Formative assessment

8 min
  1. A university deploys an ML-based intrusion detection system that has a 95% true-positive rate and a 2% false-positive rate. The network generates 500,000 events per day, of which 100 are truly malicious. Approximately how many alerts will analysts see per day, and roughly what fraction of those alerts will be false positives? Show your reasoning.
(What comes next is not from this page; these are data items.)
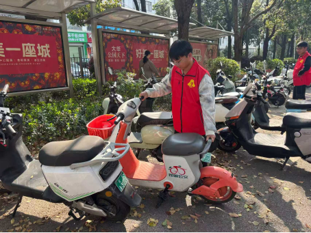 活动开始前,学院党委书记周义方对志愿者进行了简要动员,明确了活动区域、整治重点和安全注意事项。下午4时,志愿者们准时抵达指定区域,分组开展活动,有的将歪斜、倒地的共享单车逐一扶正,有的将零散分布、违规停放的车辆搬运至指定停车区域,有的对车辆进行统一摆放、整齐排列,确保车辆停放规范有序、朝向一致。面对部分占用盲道、消防通道和人行道的车辆,志愿者们耐心清理、规范挪移,及时消除通行障碍。在整治过程中,志愿者们还主动向过往师生、市民宣传文明骑行、规范停放的重要意义,倡导大家自觉爱护公共设施,遵守交通秩序,共同维护良好的出行环境。经过两个多小时的辛勤劳动,学校南门、西门周边原本杂乱无序的共享单车变得整齐划一,校园出入口及周边道路面貌焕然一新,通行环境更加顺畅整洁,得到了过往师生和周边群众的一致好评。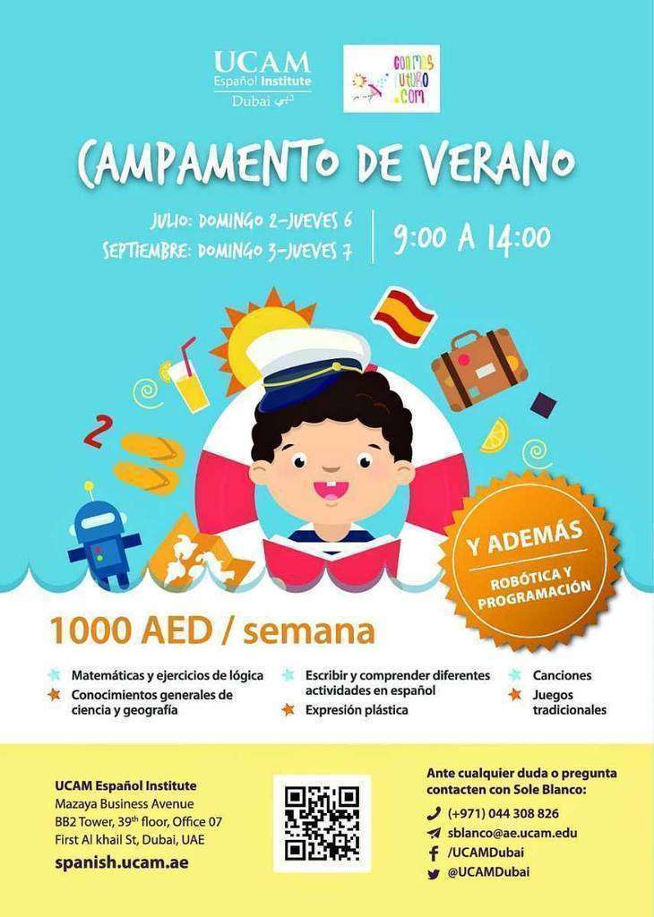 El campamento, que comenzará el domingo 3 de septiembre y finalizará el jueves 7, ofrecerá a niños de entre 4 y 11 años la posibilidad de disfrutar y aprender con actividades de matemáticas y ejercicios de lógica; conocimientos generales de ciencia y geografía; escribir y comprender diferentes actividades en español; expresión plástica y canciones; o juegos tradicionales y actividades de experimentación. Además, también se adentrarán en el campo de la robótica y de la programación. El horario es de 9.00 a 14.00 horas y el precio por la semana completa es de 1.000 AED.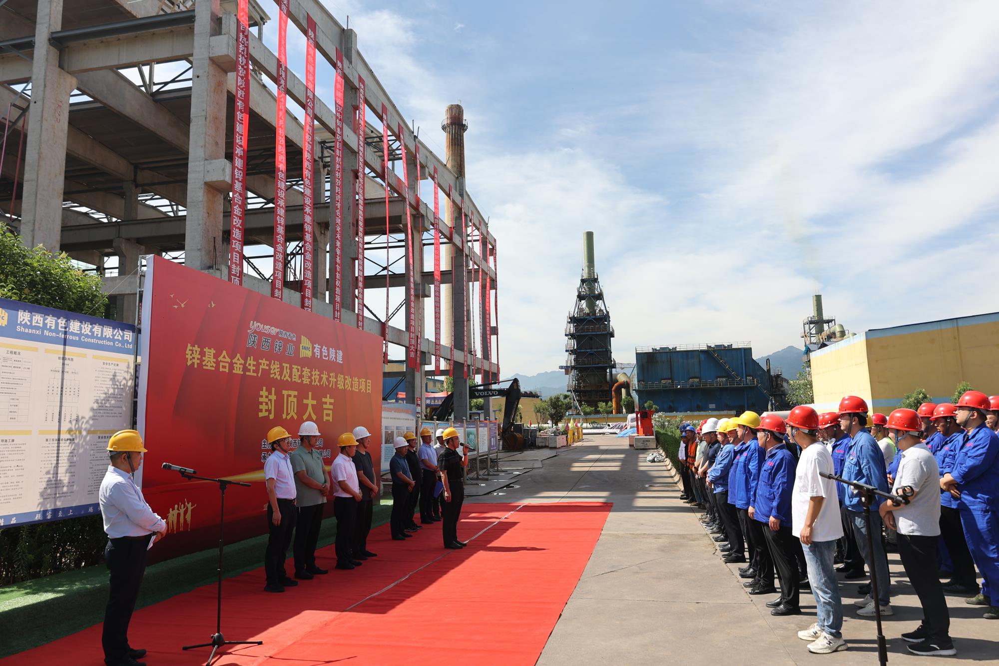 7月6日,由陜西有色建設(shè)有限公司承建的陜西鋅業(yè)公司鋅基合金項(xiàng)目主體廠房結(jié)構(gòu)封頂。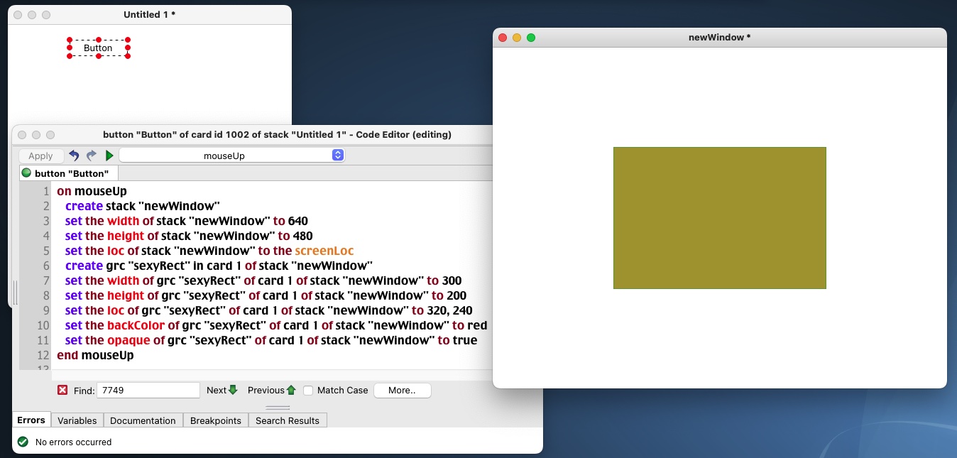 create grc "sexyRect" in card 1 of stack "newWindow"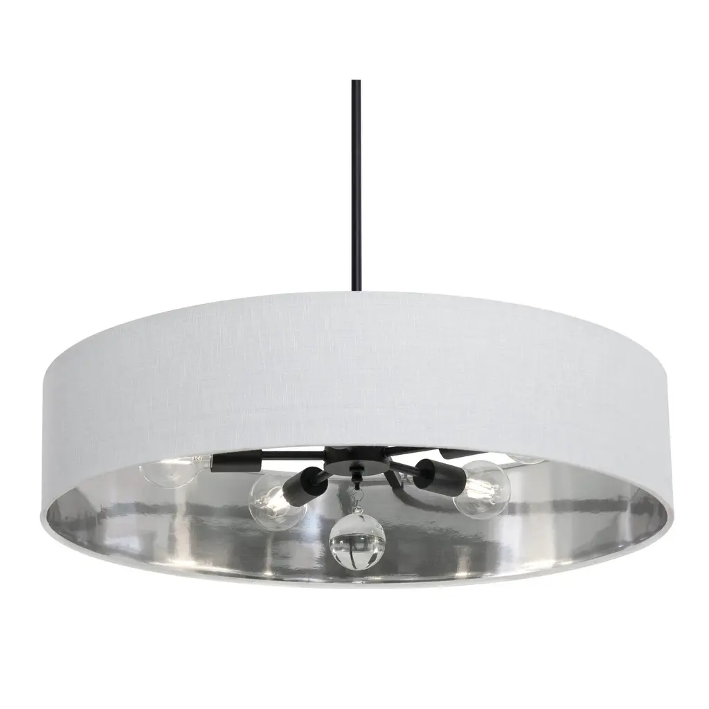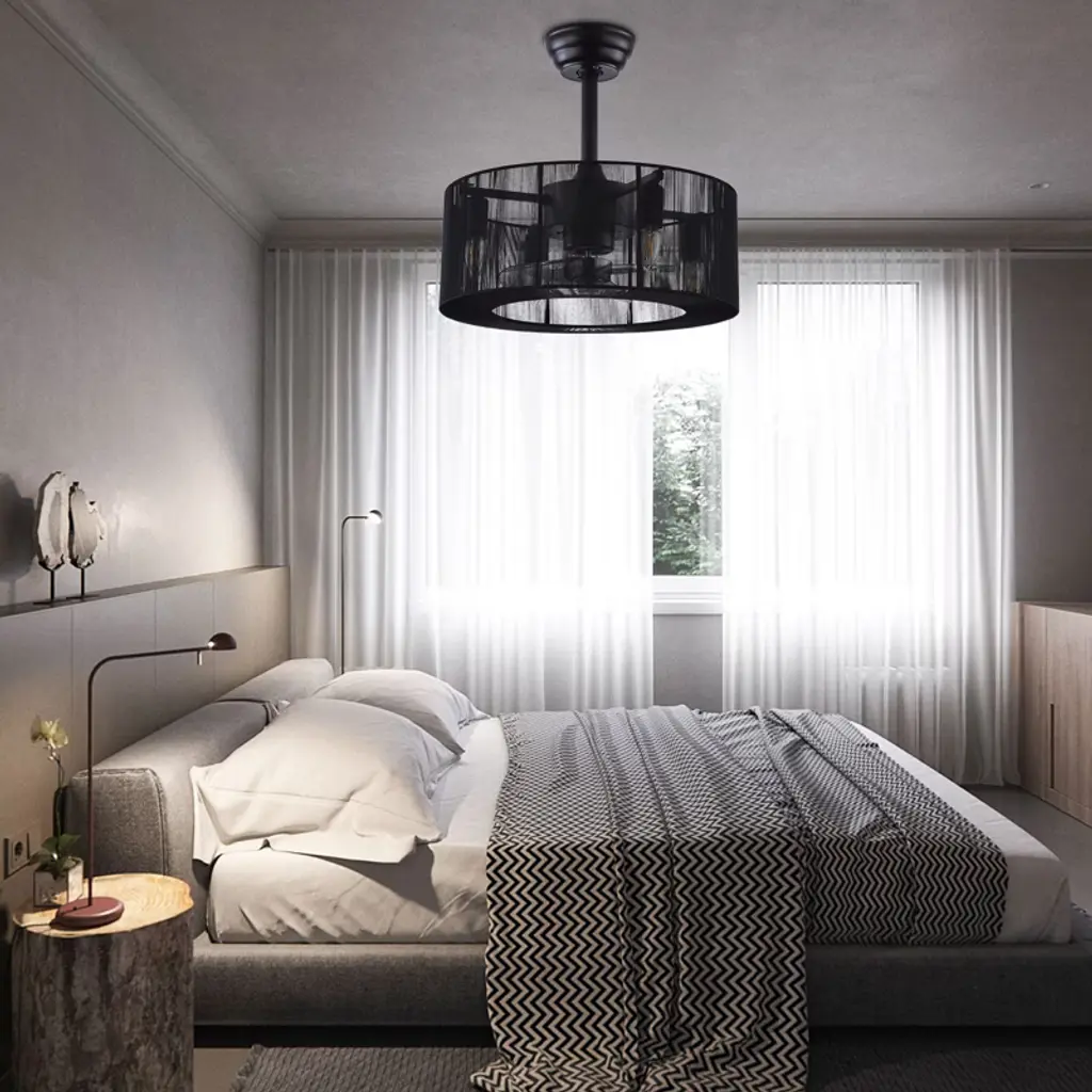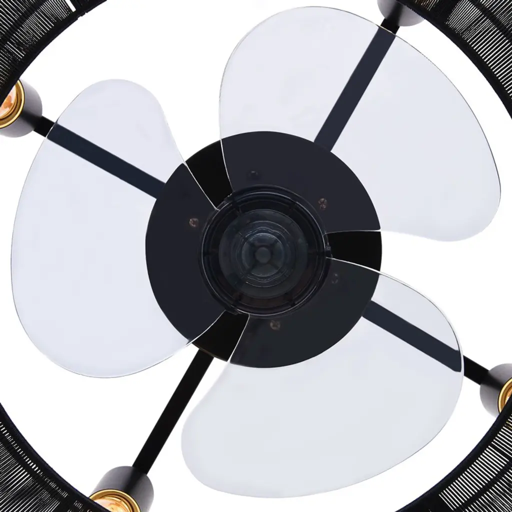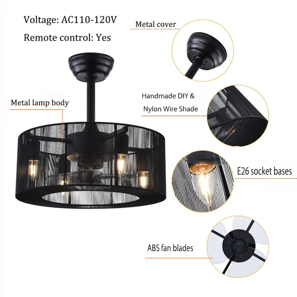 This 18-inch ceiling fan light combines modern style with practical functionality, featuring a classic black finish and a round open lampshade for wide, ambient illumination. It is equipped with three durable ABS fan blades and a powerful, yet whisper-quiet pure copper motor that offers three adjustable speeds and a built-in timer for customized comfort. Controlled by an included remote, this 2-in-1 fixture efficiently cools your space while providing excellent lighting, making it a stylish and energy-saving addition to any room in your home. Specifications Material: Iron, ABS, Nylon, Copper Process: Spraying Paint Color: Black Style: Modern Efficiency: E Assembly Required: Yes Indoor/Outdoor Usage: Indoor Mounting Type: Ceiling Mount Control Method: Remote Control(Included), Wall Switch (Not Included) Remote Control Distance: 3-5m/9.84-16.4ft Battery Type: 2* AAA Batteries Light Source Type: 4* E26 Bulbs(Not Included) Motor Type: Pure Copper Motor Voltage: AC 110- 120V Max. Single Bulb Power: 60W Number of Fan Blades: 3 Wind Speed Gears: 3 Timing: 1/2/4H Light Applicable Area: 10-15m²/107.64-161.46ft² Motor Power: 56W Noise: 35dB Base Size: 15cm/5.9in Hanging Rod Length: 12.5cm/4.92in, 20cm/7.87in Product Height: 30.5cm/12in(With Short Rod), 38cm/14.96in(With Length Rod) Lampshade Size(D*H): 46*18cm/18*7.08in Base Diameter: 15cm/5.9 inches

    calculationTrue positives ≈ 0.95 × 100 = 95. False positives ≈ 0.02 × 499,900 ≈ 9,998. Total alerts ≈ 10,093/day. Fraction FP ≈ 9,998 / 10,093 ≈ 99.1%. Reasoning point: even a 2% FP rate on a huge benign population overwhelms the 95% recall on the tiny malicious population — this is why triage and human-in-the-loop are non-negotiable. (Targets Skill 1 Analyze Risk and Skill 3 Detect Attacks.)
  2. An anomaly detection model was trained on pre-2020 office-network traffic. In March 2020 the workforce shifts to home offices overnight, and the model begins flagging nearly every user as anomalous. Which cybersecurity concept best explains this failure, and what specific mitigation should the security team implement? A) Signature evasion — deploy a new signature feed B) Model drift / stale baseline — retrain the model on current traffic and schedule periodic retraining C) False negative rate — lower the alert threshold D) Insider threat — investigate the users being flagged

    multiple choiceB. The behavioral baseline no longer reflects current normal behavior; retraining on fresh labeled data restores accuracy, and periodic retraining prevents recurrence. A is wrong because this is a behavior model, not signature. C makes the problem worse (more FPs). D confuses a modeling failure with a human threat. (Targets Skill 2 Mitigate Risk.)
  3. Free response — AP style. A hospital CISO proposes deploying an AI system that automatically disables any user account whose login is flagged as anomalous. In 3–5 sentences, evaluate this proposal. Your response must (a) identify at least one risk of automating this decision, (b) reference the concepts of false positive and blast radius, and (c) recommend where a human-in-the-loop review must remain.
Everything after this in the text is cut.